Simulative Minimization of Mass Transfer Limitations Within Hydrogel-Based 3D-Printed Enzyme Carriers
Schmieg, B. / Nguyen, M. / Franzreb, M. (2020)
Front. Bioeng. Biotechnol., 2020, doi.org/10.3389/fbioe.2020.00365
- Datum: April 2020
In biotechnology, immobilization of functional reactants is often done as a surface immobilization on small particles. Examples are chromatography columns and fixed-bed reactors. However, the available surface for immobilization is directly linked to particle diameter and bed porosity for these systems, leading to high backpressure for small particle sizes. When larger molecules, such as enzymes are immobilized, physical entrapment within porous materials like hydrogels is an alternative. An emerging technique for the production of geometrically structured, three-dimensional and scalable hollow bodies is 3D-printing. Different bioprinting methods are available to produce structures of the desired size, resolution and solids content. However, in case of entrapped enzymes mass transfer limitations often determine the achievable reactivities. With increasing complexity of the system, for example a fixed-bed reactor, 3D-simulation is indispensable to understand the local reaction conditions to be able to highlight the optimization potential. Based on experimental data, this manuscript shows the application of the dimensionless numbers effectiveness factor and Thiele modulus for the design of a 3D-printed flow-through reactor. Within the reactor, enzymes are physically entrapped in 3D-printed hydrogel lattices.

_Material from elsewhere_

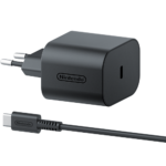 Genoplad din Nintendo Switch 2-spilkonsol med denne AC-strømadapter, selv når du er væk hjemmefra og ikke har adgang til din Switch-dockingstation. Strømadapteren tilsluttes konsollen via USB Type-C-opladningsporten.
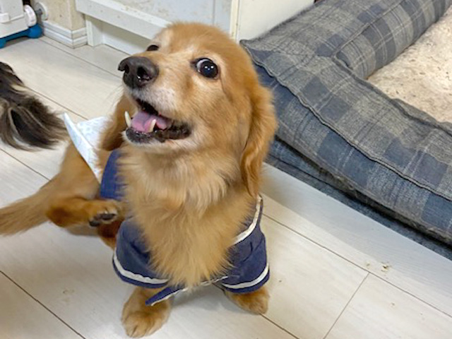 | ・お願いしたいこと | トイレの場所の認識はしていますが、失敗します。マナーベルトは大人しくつけさせてくれます。 普段はとても人懐こくで甘えん坊ですが、嫌なことや叱られると逆切れすることがあります。 |

The local reaction rate of the enzymes is directly dependent on the provided substrate amount at the site of reaction which is limited by the diffusion properties of the hydrogel matrix and the diffusion distance. All three parameters can be summed up by one key figure, the Thiele modulus, which, in short, quantifies mass transfer limitations of a catalytic system. Depending on the rate of the enzymatic reaction in correlation to the diffusional transport, mass transfer limitations will shift the optimum of the system, favoring slow enzyme kinetics and small diffusion distances. Comparison with the enzymatic reaction rate in solution yields the effectiveness factor of the system. As a result, the optimization potential of varying the 3D-printed geometries or the reaction rate within the experimentally available design space can be estimated.